Salesloft provides an AI chatbot called Drift that integrates with Salesforce. Salesloft customers, like Google, Cloudflare, and others, gave Drift access to their Salesforce data, which allowed the chatbot to provide relevant information to the chatbot users.

Attackers reportedly compromised Salesloft’s GitHub account, which is where they store and manage the Drift source code. Attackers leveraged that access to gain access Salesloft’s Amazon Web Services (AWS) environment from which they stole the access keys used by Drift to access companies’ Salesforce environments. In total, over 1.5 billion records were stolen from 760 organizations including prominent tech giants like Google, Cloudflare, SentinelOne, Zscaler, and Palo Alto Networks.

Source:  TechCrunch – Salesloft says Drift customer data thefts linked to March GitHub account hack

• 2025 – NPM Mayhem

npmjs.com, the world’s largest repository of open-source code libraries, is used by over 17 million software developers across the world. In September alone, npm was successfully attacked twice. One of the attacks was a self-propagating malware called Shai-Hulud, so named after the giant sandworms in Frank Herbert’s Dune universe. It tunneled its way into roughly 700 software developer libraries, which were downloaded billions of times by developers and automated build systems. Among the effects, attackers were able to steal over 400,000 highly sensitive authentication tokens, such as those that allow privileged system-to-system communications. Months later, as of the time of this article, new methods to bypass npm’s fixes have been discovered and remain unpatched.

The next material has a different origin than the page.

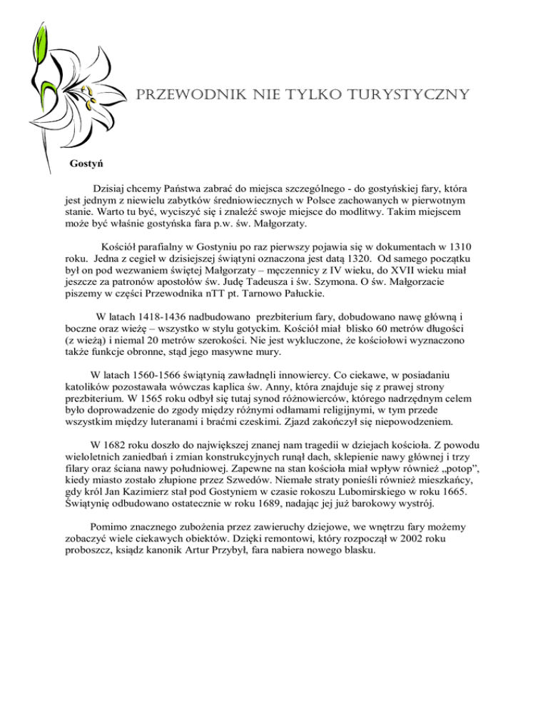 PRZEWODNIK NIE TYLKO TURYSTYCZNY Gostyń Dzisiaj chcemy Państwa zabrać do miejsca szczególnego - do gostyńskiej fary, która jest jednym z niewielu zabytków średniowiecznych w Polsce zachowanych w pierwotnym stanie. Warto tu być, wyciszyć się i znaleźć swoje miejsce do modlitwy. Takim miejscem może być właśnie gostyńska fara p.w. św. Małgorzaty. Kościół parafialny w Gostyniu po raz pierwszy pojawia się w dokumentach w 1310 roku. Jedna z cegieł w dzisiejszej świątyni oznaczona jest datą 1320. Od samego początku był on pod wezwaniem świętej Małgorzaty – męczennicy z IV wieku, do XVII wieku miał jeszcze za patronów apostołów św. Judę Tadeusza i św. Szymona. O św. Małgorzacie piszemy w części Przewodnika nTT pt. Tarnowo Pałuckie. W latach 1418-1436 nadbudowano prezbiterium fary, dobudowano nawę główną i boczne oraz wieżę – wszystko w stylu gotyckim. Kościół miał blisko 60 metrów długości (z wieżą) i niemal 20 metrów szerokości. Nie jest wykluczone, że kościołowi wyznaczono także funkcje obronne, stąd jego masywne mury. W latach 1560-1566 świątynią zawładnęli innowiercy. Co ciekawe, w posiadaniu katolików pozostawała wówczas kaplica św. Anny, która znajduje się z prawej strony prezbiterium. W 1565 roku odbył się tutaj synod różnowierców, którego nadrzędnym celem było doprowadzenie do zgody między różnymi odłamami religijnymi, w tym przede wszystkim między luteranami i braćmi czeskimi. Zjazd zakończył się niepowodzeniem. W 1682 roku doszło do największej znanej nam tragedii w dziejach kościoła. Z powodu wieloletnich zaniedbań i zmian konstrukcyjnych runął dach, sklepienie nawy głównej i trzy filary oraz ściana nawy południowej. Zapewne na stan kościoła miał wpływ również „potop”, kiedy miasto zostało złupione przez Szwedów. Niemałe straty ponieśli również mieszkańcy, gdy król Jan Kazimierz stał pod Gostyniem w czasie rokoszu Lubomirskiego w roku 1665. Świątynię odbudowano ostatecznie w roku 1689, nadając jej już barokowy wystrój. Pomimo znacznego zubożenia przez zawieruchy dziejowe, we wnętrzu fary możemy zobaczyć wiele ciekawych obiektów. Dzięki remontowi, który rozpoczął w 2002 roku proboszcz, ksiądz kanonik Artur Przybył, fara nabiera nowego blasku. Kościół fary p.w. św. Małgorzaty w Gostyniu. Wejście do kościoła fary p.w. św. Małgorzaty w Gostyniu. Ołtarz główny pochodzi z około 1658 roku. Ostatnio restaurowany był w latach 1952-1955. W polu środkowym ołtarza znajduje się obraz Matki Boskiej Szkaplerznej, a w nastawie obraz świętej Małgorzaty z Antiochii (ok. 1646). Wystroju dopełniają rzeźby dwóch biskupów, św. Wojciecha i św. Stanisława (patronów Polski), apostołów – św. Judy Tadeusza i św. Szymona i aniołów. Do lat dwudziestych XX wieku w miejscu rzeźb św. Wojciecha i św. Stanisława znajdowały się postacie św. Piotra i św. Pawła – patronów archidiecezji poznańskiej. Część tabernakulum pochodzi z rozebranego w XVIII wieku kościoła w Czachorowie koło Gostynia. Jego obecny wygląd jest efektem przebudowy dokonanej w latach 1901-1906. Ołtarz boczny z obrazem Matki Boskiej z Dzieciątkiem z pierwszej połowy XVII w. Ambona z pierwszej połowy XVIII w. Organy gostyńskiej fary. Rokokowe konfesjonały i komplet ławek nawy głównej wykonano około 1750 roku w warsztatach stolarskich księży filipinów na Świętej Górze koło Gostynia. KAPLICA ŚW. ANNY Kaplica św. Anny znajduje się po prawej stronie nawy głównej, dostaniemy się do niej wchodząc schodami na piętro. O św. Annie pisaliśmy w przewodniku nTT w części pt. Margonin. Ołtarz w kaplicy św. Anny. W kaplicy św. Anny podziwiać można ołtarz z 1548 roku. W centralnym miejscu ołtarza znajduje się grupa rzeźb, zwanych św. Anną Samotrzecią, z około 1510 roku. Poniżej umieszczona jest predella, namalowana na desce w 1546 roku. Przedstawia ona drzewo genealogiczne Matki Boskiej. Zwieńczenie ołtarza stanowi płaskorzeźba Trójcy Świętej. Dopełnieniem trzykondygnacyjnego ołtarza są rzeźby świętych niewiast, aniołów oraz monogramy św. Anny i NMP. Chór w kaplicy został zbudowany w latach 1678-1693 przez Wojciecha Libowicza, o czym zaświadczają dwie tablice inskrypcyjne. Przepiękny sufit w kaplicy św. Anny a na nim tekst Bogurodzicy. W dniu 25 czerwca 1978 r. gostyńską farę odwiedził błogosławiony Jan Paweł II wtedy kardynał, metropolita krakowski. Tablica jubileuszowa i pamiątkowa z pobytu bł. Jana Pawła II w gostyńskiej farze. Kilka słów o Mszy Św. gregoriańskiej Na czym polega inność tzw. Mszy św. gregoriańskich? Co to jest? Jakie są ich duchowe owoce? Chciałabym przekonać kogoś mi bliskiego, że mają one wielką wartość, ale brakuje mi argumentów. Proszę o pomoc. Bardzo ciekawa jest historia tzw. Mszy gregoriańskich, popularnie zwanych gregoriankami. Wywodzą one swoją nazwę od imienia papieża Grzegorza Wielkiego (540604; papież od 590). U ich początku leży bardzo konkretne wydarzenie. Grzegorz przed swoim wyborem na papieża był przełożonym założonego przez siebie w 575 roku klasztoru na wzgórzu Celio w Rzymie. W IV Księdze Dialogów Grzegorz stwierdza, że ofiara Mszy św. pomaga osobom potrzebującym oczyszczenia po śmierci (por. Patrologia Latina, 77, 416) i jako przykład podaje doświadczenie z życia swojego klasztoru. Po śmierci jednego z mnichów imieniem Justus, w jego celi znaleziono trzy złote monety, których posiadanie sprzeciwiało się regule życia zakonnego, przewidującej wspólne korzystanie z dóbr materialnych. Grzegorz, aby pomóc zmarłemu oczyścić się po śmierci z tego grzechu, polecił odprawienie za niego kolejno następujących po sobie trzydziestu Mszy św. - każdego dnia jednej. Po trzydziestu dniach zmarły Justus ukazał się w nocy jednemu z braci, Kopiozjuszowi, mówiąc, że został uwolniony od wszelkiej kary. Kop

Source:  Bleeping Computer – Hackers can bypass npm’s Shai-Hulud defenses via Git dependencies

• 2024 – CDK Global

15,000 automotive dealerships were forced to pen and paper after CDK systems, including their dealer management systems, were disabled in a ransomware attack. The outage lasted for three weeks and damages exceeded $1 billion. CDK reportedly paid the $25 million ransom.

Source: Cyberscoop – Wallets tied to CDK ransom group received $25 million two days after attack
Source: PSM – Understanding the CDK Cyber Attack: What Happened and What Businesses Can Learn

• 2025 – Discord

The service desk software used by Discord, the world’s largest structured community chat platform, was breached by attackers who were able to obtain access credentials from 5CA, the company to whom Discord outsourced service desk operations. Hackers stole 1.5 terabytes of support data, including images of 70,000+ government IDs. Some security experts believe the data is likely to be a treasure trove for predators to target minors.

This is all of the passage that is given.